==== EXERCISE INPUTS
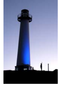
Lighthouse Kish Doyle
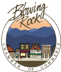
The Blowing Rock Chamber is the oldest Chamber in the High Country, founded in 1927.

Chamber designs and executes many events in the town of Blowing Rock which stimulate the economy. If you have not yet made your dues investment for 2009, please do so very soon. Remember that your listing in the upcoming 2010 - 2011 Directory will be jeopardized if your dues investment is not made by January 1, 2010.
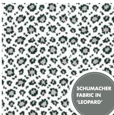
SCHUMACHER FABRIC IN 'LEOPARD'
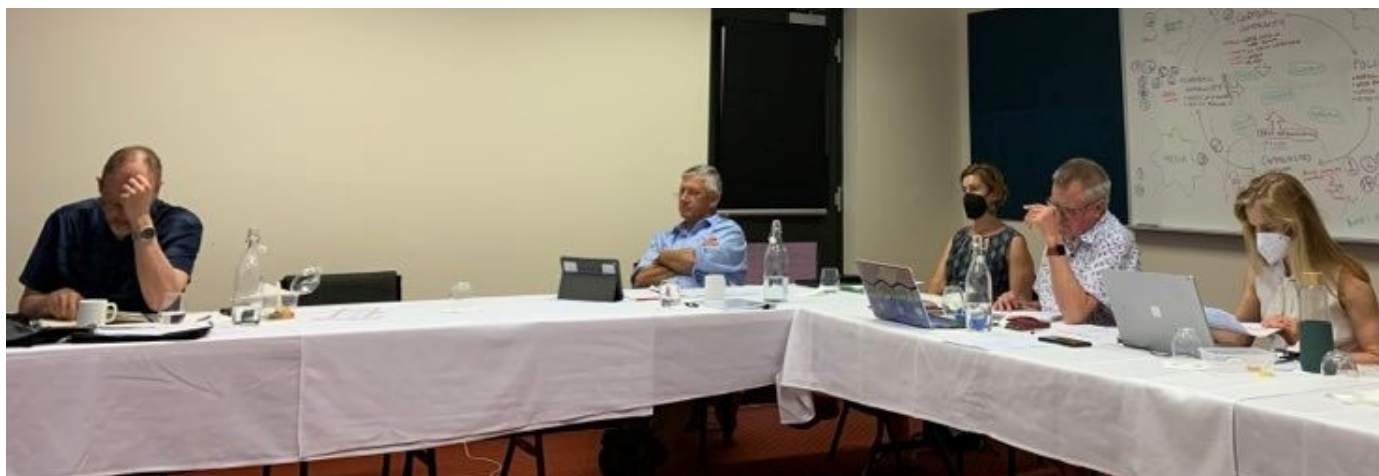
Water Justice Hub workshop
========
● **WORK TO BE COMPLETED**:
A verbatim printout of the entries above is expected, free of pictures.

● **OUTPUT FOR THIS EXERCISE**:
Lighthouse Kish Doyle
The Blowing Rock Chamber is the oldest Chamber in the High Country, founded in 1927.

Chamber designs and executes many events in the town of Blowing Rock which stimulate the economy. If you have not yet made your dues investment for 2009, please do so very soon. Remember that your listing in the upcoming 2010 - 2011 Directory will be jeopardized if your dues investment is not made by January 1, 2010.
SCHUMACHER FABRIC IN 'LEOPARD'
Water Justice Hub workshop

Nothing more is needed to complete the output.